Que lhe cumpria fazer?... Fugir de Cândida, apressar sob qualquer pretexto sua viagem para a América do Norte?... Frederico repeliu idéia: à força de muito refletir e talvez ainda tendo o seu amor agarrado a uma tênue esperança, pensou que bem pudera o ciúme ter iludido o seu espírito, inventando o que não existia, e caluniando inocente donzela: quando tudo fosse verdade, quando a paixão mais louca estivesse incendiando o seio da pobre moça, ele tinha o direito de não a querer mais para sua noiva; tinha, porém, o dever de velar como amigo, pela filha de Leonídia, sua segunda mãe, pela filha de Florêncio da Silva, que em seus primeiros anos lhe fizera as vezes de pai extremoso, pela irmã de Liberato, seu colaço, e seu fiel amigo.
Nesse melindre de sensibilidade, nessa poética aspiração de pureza, de angélica virgindade de coração na mulher com quem tivesse de casar-se, nessa grandiosidade de sentimentos que lhe impunham o religioso dever de dedicar-se ainda a Cândida, como amigo, depois de senti-la amesquinhada na sua estima, Frederico obedecia às inspirações de sua natureza heróica, e à virtude de seu grave e admirável caráter.
Amando extremosamente Cândida, reconhecia-se capaz de tomá-la pela mão, e de levá-la ao altar, para aí ver com os seus olhos o sacerdote abençoar os laços de sua união com outro homem, que fosse digno dela, e por ela amado. Na imensa dor desse sacrifício, acharia consolação na felicidade de Cândida, e, lamentando a própria desdita, seria amigo leal do esposo da filha de Florêncio e Leonídia, e da irmã de Liberato.
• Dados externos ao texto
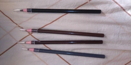 Заказала сразу два чёрные, Карандашик классный, отлично рисует бровки, для стрелок на глаза не подходит, жестковат, а для бровей самое то!!! Девочки рекомендую
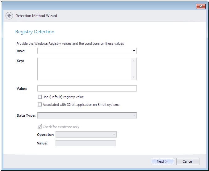 On the Registry Detection panel, which opens if you selected Registry on the Welcome panel, you enter the Windows Registry information and the conditions to be applied on those values.
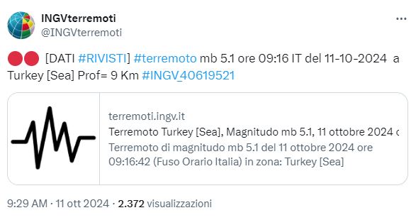 MeteoWeb » GEO-VULCANOLOGIA » Forte terremoto scuote il Mar Nero | DATI e MAPPEForte terremoto scuote il Mar Nero | DATI e MAPPE Non si hanno al momento notizie di danni a persone o cose di Filomena Fotia 11 Ott 2024 | 09:37 / Forte terremoto nel Mar Nero, al largo delle coste della Turchia. L’INGV segnala un sisma magnitudo mb 5.1, avvenuto alle 09:16 ora italiana (10:16:42 ora locale) ad una profondità di 9 km. Non si hanno al momento notizie di danni a persone o cose. Leggi altri articoli di GEO-VULCANOLOGIA
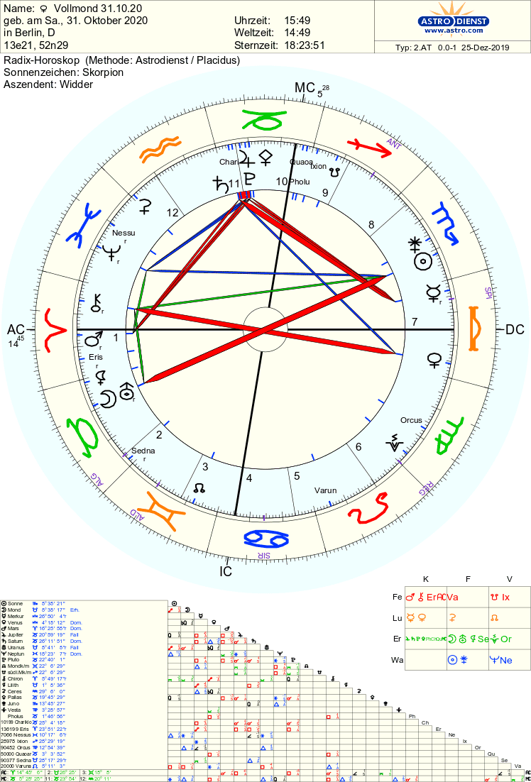 Recht ungewöhnlich, aber sehr passend: es geht in diesem Vollmond um unsere Selbstdurchsetzung (Widder-AC), und zwar in scharf betonter Weise (Mars H1 Konj. AC). Da Mars noch ← ist, sind wir noch nicht in unserer vollen Kraft, viele zögern aus Angst, und es gilt auch noch, das Geschehene aus den letzten Monaten aufzuarbeiten, und sich auch über die spätere Handlungsweise klar zu werden. Dieser Zustand hält bis Mitte November an, bis Mars am 14.11. seine Station auf 15° Widder hat und umdreht. Dann gilt es jedoch, aktiv zu werden, und zwar gegen die unsere Freiheit einschränkende Regierung (Mars Qu. Saturn H10 + H11 in 11). Ich schreibe das nicht, um eine Revolution zu befürworten, sondern ich übersetze nur die Konstellationen. Man kann Vieles tun, und jeder ist hier angesprochen, im Rahmen seiner Möglichkeiten dazu beizutragen. Bestes Beispiel ist
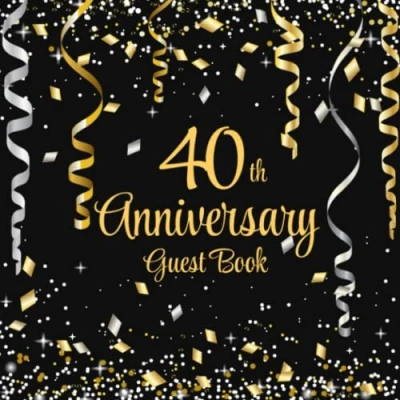 40th Anniversary Guest Book: Gold & Silver Confetti Party Sign In Message Book Gift Log Memory Keepsake
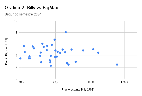 Fuente: Los datos Índice Big Mac provienen del dataset de The Economist. Índice Billy es elaboración propia con los datos de las páginas web Ikea.
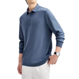 設計風格:採用低飽和度的霧霾藍色,經典翻領 + 兩粒扣門襟設計,版型修身利落,既保留了 Polo 衫的商務屬性,又通過柔和色彩增添休閒感,適配日常通勤與輕商務場景。
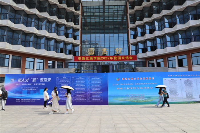 为更好地拓宽毕业生就业渠道,提高就业质量,扎实做好“稳就业”工作、落实“保就业”任务,近日,安徽三联学院联合合肥经济技术开发区人力资源中心、肥西县人力资源和社会保障局在校图书馆广场共同举办“厚德博学 扬帆远航”2022年春季校园专场招聘会。
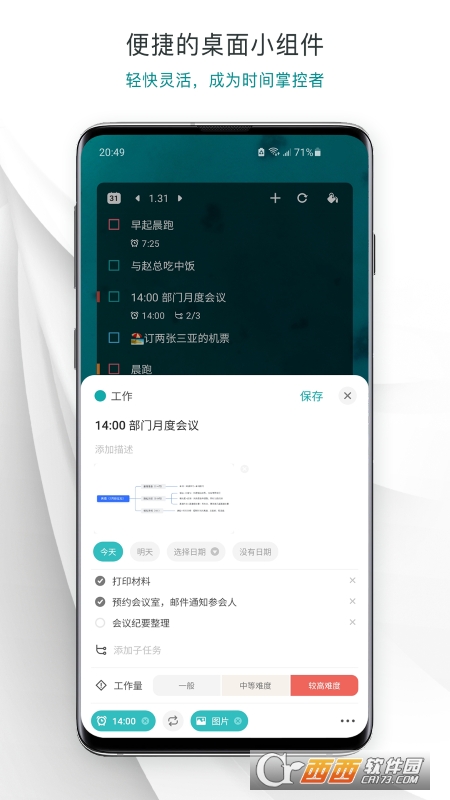 一款基于艾维利时间管理法打造的TODO待办应用,能够帮您高效规划和管理时间,随时随地的记录并同步生活和工作中的所有事务。除此之外,我们还提供了番茄钟和灵感便贴等多种效率功能,配合系统级的事件提醒推送,可以灵巧、专业、清晰、高效的管理您的每一天,让您的时间事半功倍。
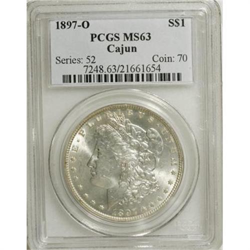 <B>1897-O $1 MS63 PCGS.</B></I> <B>1897-O S$1 MS63 PCGS.</B></I> Ex: Cajun Collection. An excellent strike, considering it is a late New Orleans Mint dollar. There is good detail to the breast feathers, and a reasonable amount of the detail above the ear is also present. The fields are silver-white, and show abundant cartwheel luster for this often lackluster issue.<BR><BR><b>Shipping:</b> Coins & Currency (<a target="_blank" href="http://www.heritageauctions.com/common/shipping.php">view shipping information</a>)
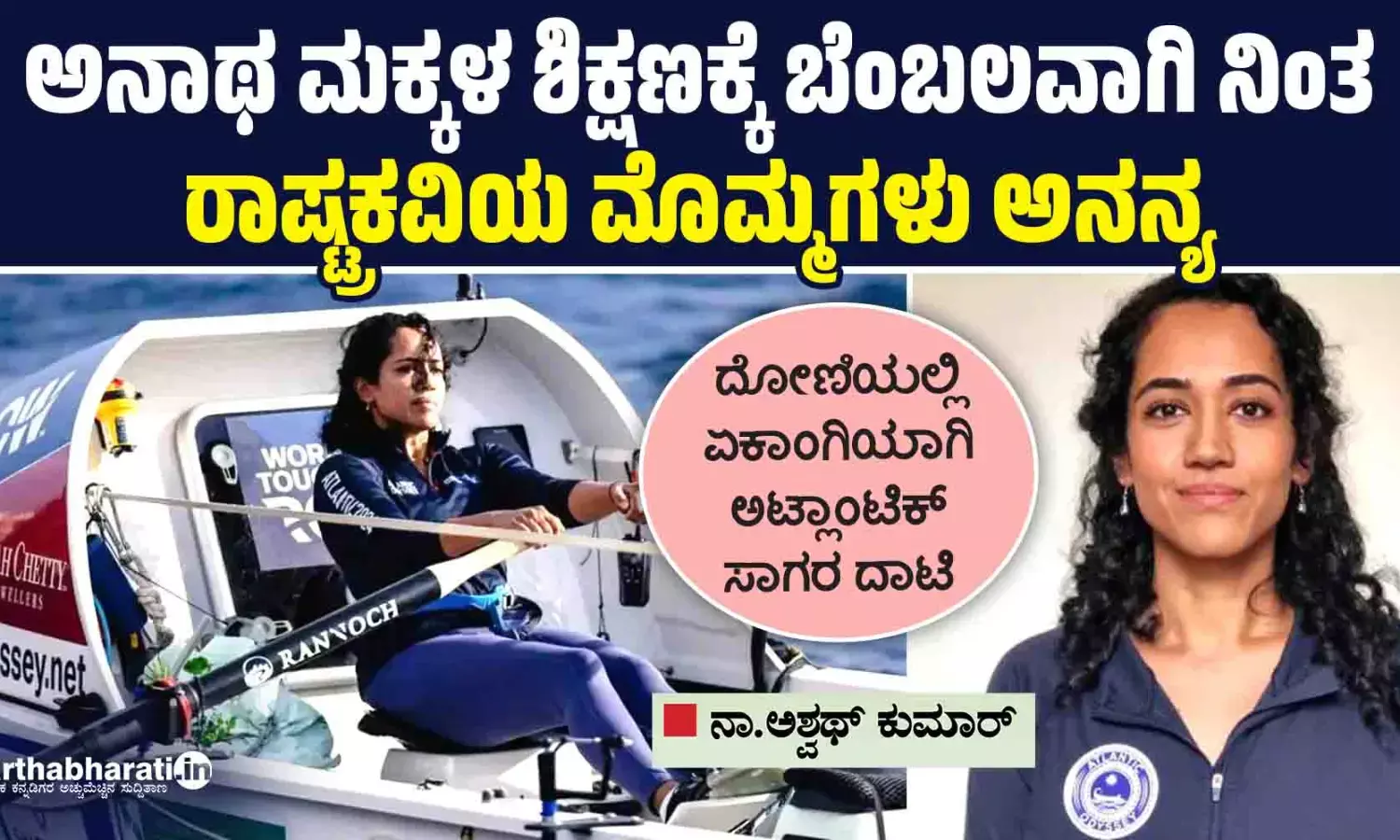 ಅನಾಥ ಮಕ್ಕಳಿಗೆ ಶಿಕ್ಷಣ ನೀಡುತ್ತಿರುವ ಗಡಿಜಿಲ್ಲೆಯ ಸಂಸ್ಥೆಗೆ ಬೆಂಬಲ ನೀಡುವ ಸಲುವಾಗಿ ರಾಷ್ಟ್ರಕವಿಯ ಮೊಮ್ಮಗಳು ಏಕಾಂಗಿಯಾಗಿ ಅಟ್ಲಾಂಟಿಕ್ ಸಾಗರವನ್ನು ದಾಟಿ ಸಾಧನೆ ಮಾಡಿದ್ದಾರೆ.

Mas Souvanel quem era? .. Que homem era? .. Frederico também relacionara se com ele na Alemanha; nunca porém o honrara com a sua confiança, e mais de uma vez dissera a Liberato, que a pretendida proscrição política, podia ser tão real, como embusteira, e que no suposto proscrito havia a decifrar um enigma, ou de homem exaltado, mas honesto, ou de especulador sem consciência.
O especulador sem consciência principiava a revelar-se à observação de Frederico, que ainda querendo duvidar, porque amava, e convencer-se até a evidência, porque era prudente e justo, depois de triste e longa noite de reflexões, resolveu esperar, ver, e friamente assegurar-se, e ser senhor do fatal segredo, que o ciúme lhe tinha já revelado.
Frederico não precisou esperar muito.